● **Data under study**:

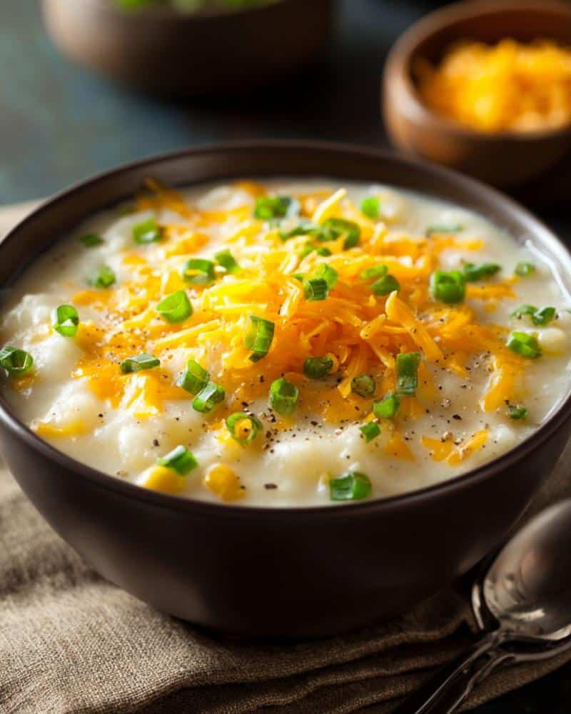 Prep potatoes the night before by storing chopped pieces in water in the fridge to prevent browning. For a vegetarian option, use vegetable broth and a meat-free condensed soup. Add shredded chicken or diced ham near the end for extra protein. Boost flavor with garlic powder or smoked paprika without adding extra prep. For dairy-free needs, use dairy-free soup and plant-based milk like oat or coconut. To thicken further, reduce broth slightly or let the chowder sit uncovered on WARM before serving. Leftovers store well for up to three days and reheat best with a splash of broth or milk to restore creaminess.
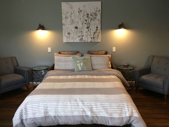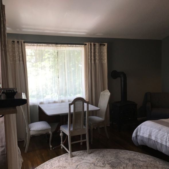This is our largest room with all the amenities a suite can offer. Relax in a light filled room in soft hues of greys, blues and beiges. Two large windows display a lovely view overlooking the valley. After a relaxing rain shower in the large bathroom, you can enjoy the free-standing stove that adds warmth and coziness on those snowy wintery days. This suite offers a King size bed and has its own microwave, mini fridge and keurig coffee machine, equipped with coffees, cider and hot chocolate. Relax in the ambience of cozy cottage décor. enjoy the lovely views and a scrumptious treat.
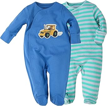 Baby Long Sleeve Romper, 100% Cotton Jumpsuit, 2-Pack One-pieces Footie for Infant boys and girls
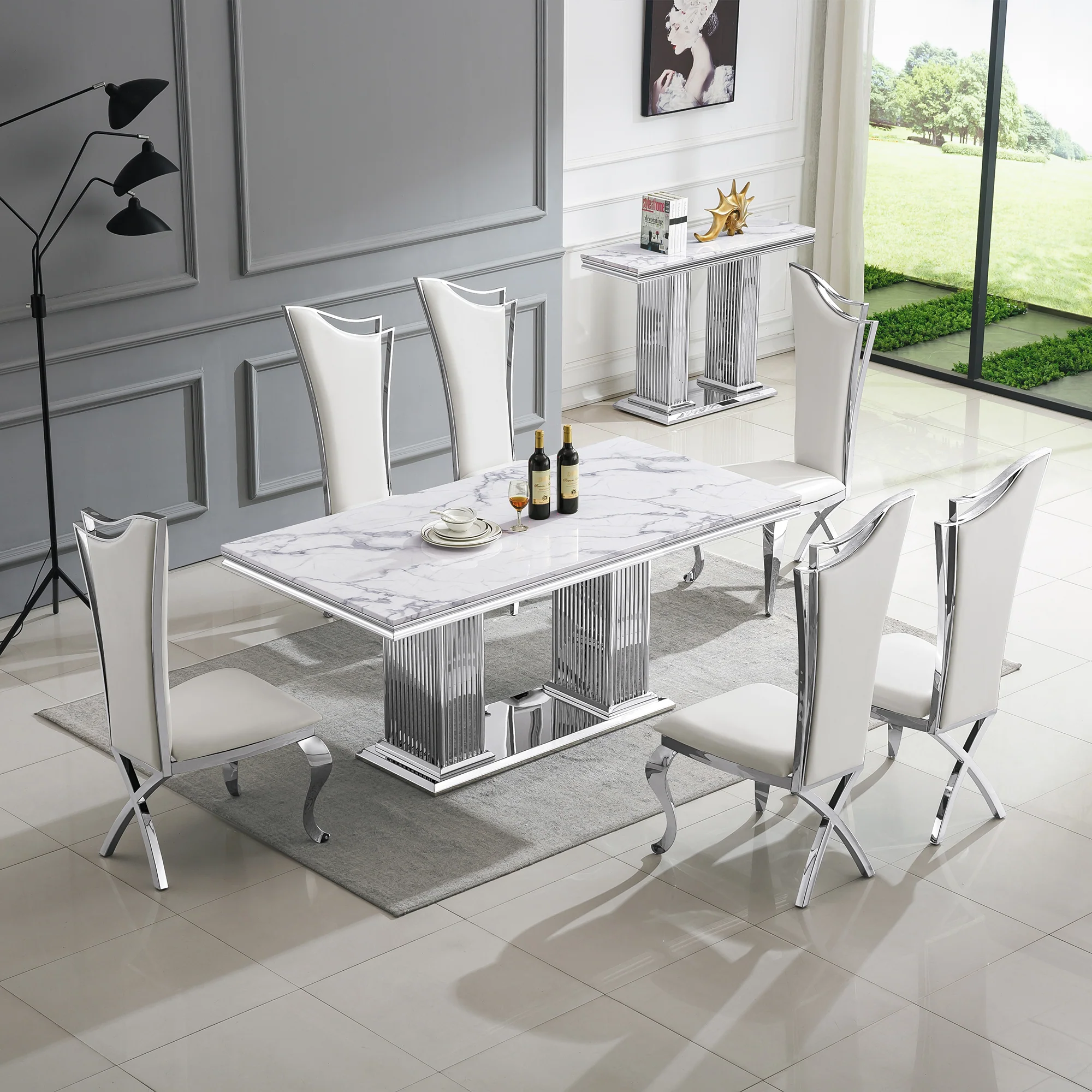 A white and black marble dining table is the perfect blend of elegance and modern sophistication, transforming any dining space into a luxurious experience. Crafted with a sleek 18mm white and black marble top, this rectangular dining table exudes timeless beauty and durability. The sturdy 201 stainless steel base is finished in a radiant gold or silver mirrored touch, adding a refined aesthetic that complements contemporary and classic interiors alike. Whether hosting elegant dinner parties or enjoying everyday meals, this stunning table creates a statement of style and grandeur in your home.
==
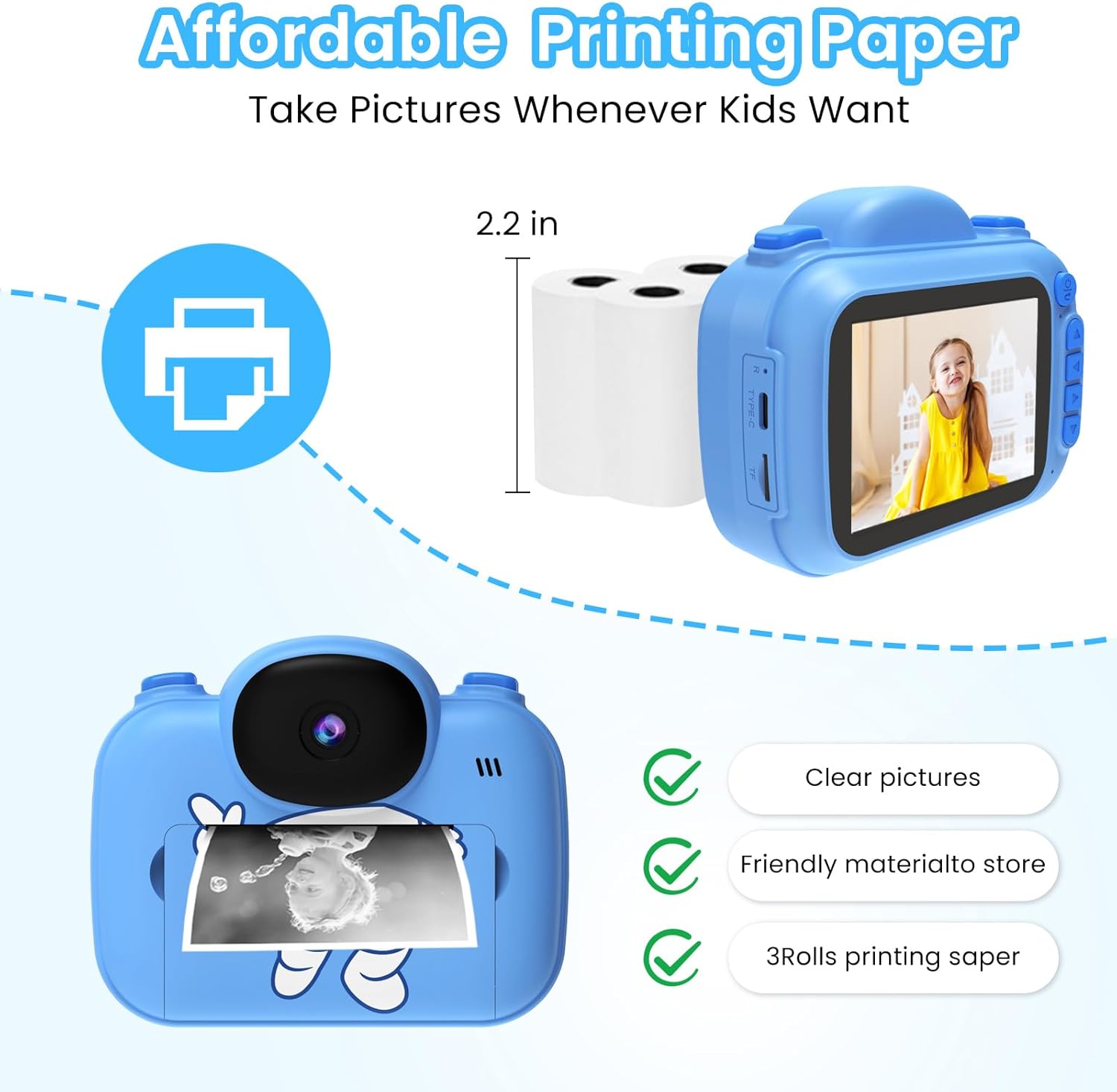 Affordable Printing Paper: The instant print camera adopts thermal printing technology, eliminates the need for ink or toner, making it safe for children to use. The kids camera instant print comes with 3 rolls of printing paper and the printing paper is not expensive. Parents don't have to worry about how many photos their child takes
* * *
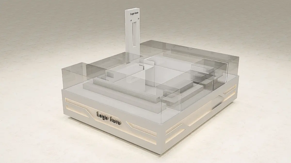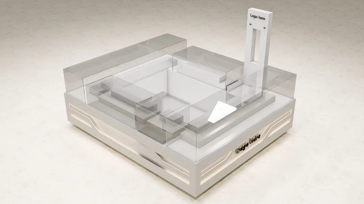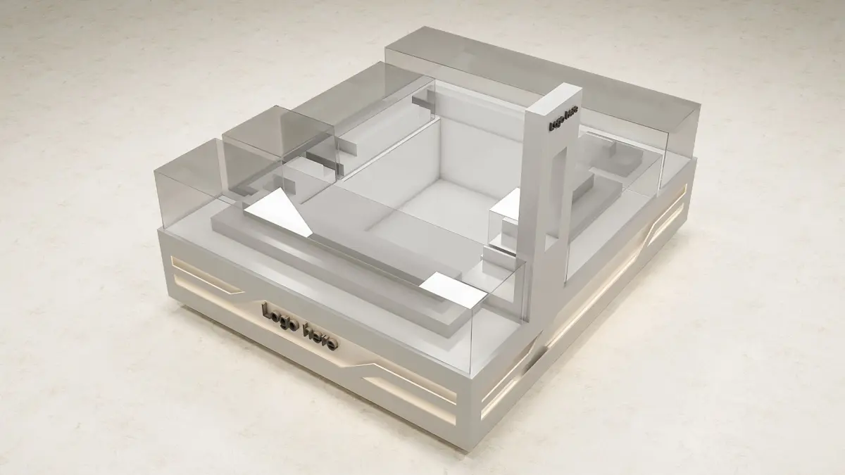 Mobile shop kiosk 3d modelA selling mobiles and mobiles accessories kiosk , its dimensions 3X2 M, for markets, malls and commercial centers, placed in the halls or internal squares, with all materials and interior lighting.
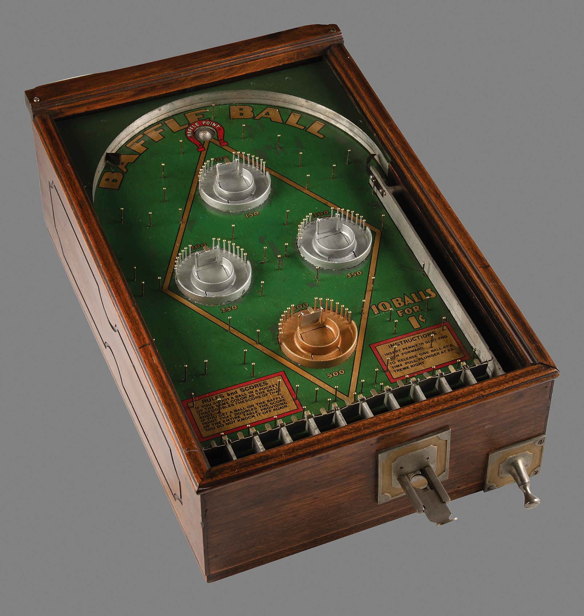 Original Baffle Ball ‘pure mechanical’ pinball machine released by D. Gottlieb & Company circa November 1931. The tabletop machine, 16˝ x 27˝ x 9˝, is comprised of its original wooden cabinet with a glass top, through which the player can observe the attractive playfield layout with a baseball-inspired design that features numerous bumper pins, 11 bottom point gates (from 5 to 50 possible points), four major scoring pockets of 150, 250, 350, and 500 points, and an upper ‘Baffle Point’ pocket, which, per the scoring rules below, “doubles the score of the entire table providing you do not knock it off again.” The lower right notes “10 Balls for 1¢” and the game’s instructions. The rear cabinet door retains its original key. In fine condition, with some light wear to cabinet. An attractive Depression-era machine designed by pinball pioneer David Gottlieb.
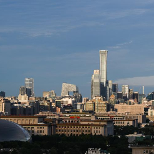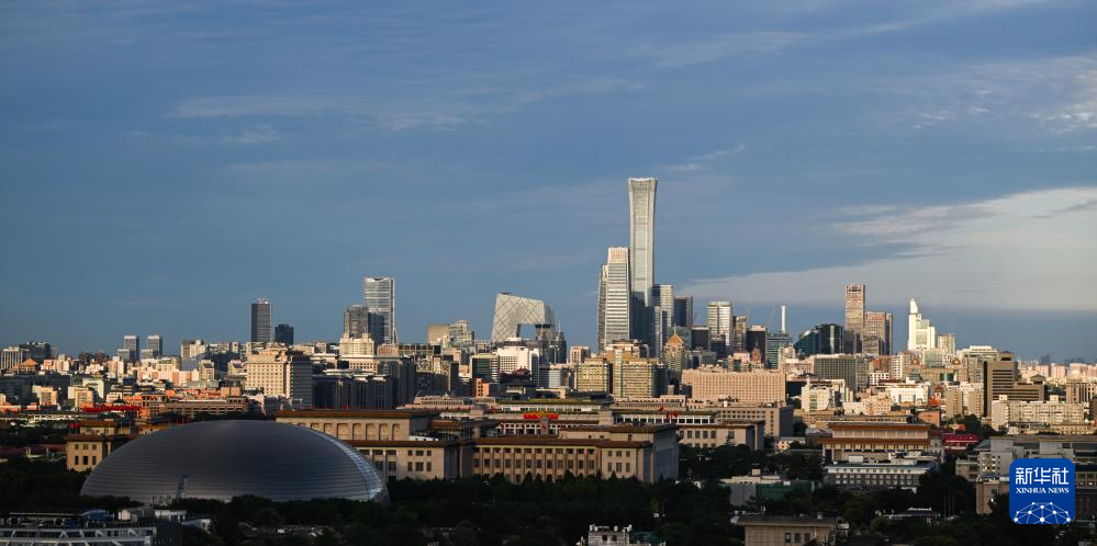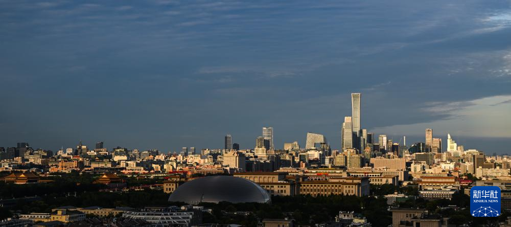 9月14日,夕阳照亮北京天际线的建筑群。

● **Your objective**:
From the listing above, please give again the lines that begin with the line holding "Prep potatoes the" and go on through the line holding "Baby Long Sleeve", exactly, both ends included, minus any picture.

● **Response below**:
 Prep potatoes the night before by storing chopped pieces in water in the fridge to prevent browning. For a vegetarian option, use vegetable broth and a meat-free condensed soup. Add shredded chicken or diced ham near the end for extra protein. Boost flavor with garlic powder or smoked paprika without adding extra prep. For dairy-free needs, use dairy-free soup and plant-based milk like oat or coconut. To thicken further, reduce broth slightly or let the chowder sit uncovered on WARM before serving. Leftovers store well for up to three days and reheat best with a splash of broth or milk to restore creaminess.
This is our largest room with all the amenities a suite can offer. Relax in a light filled room in soft hues of greys, blues and beiges. Two large windows display a lovely view overlooking the valley. After a relaxing rain shower in the large bathroom, you can enjoy the free-standing stove that adds warmth and coziness on those snowy wintery days. This suite offers a King size bed and has its own microwave, mini fridge and keurig coffee machine, equipped with coffees, cider and hot chocolate. Relax in the ambience of cozy cottage décor. enjoy the lovely views and a scrumptious treat.
 Baby Long Sleeve Romper, 100% Cotton Jumpsuit, 2-Pack One-pieces Footie for Infant boys and girls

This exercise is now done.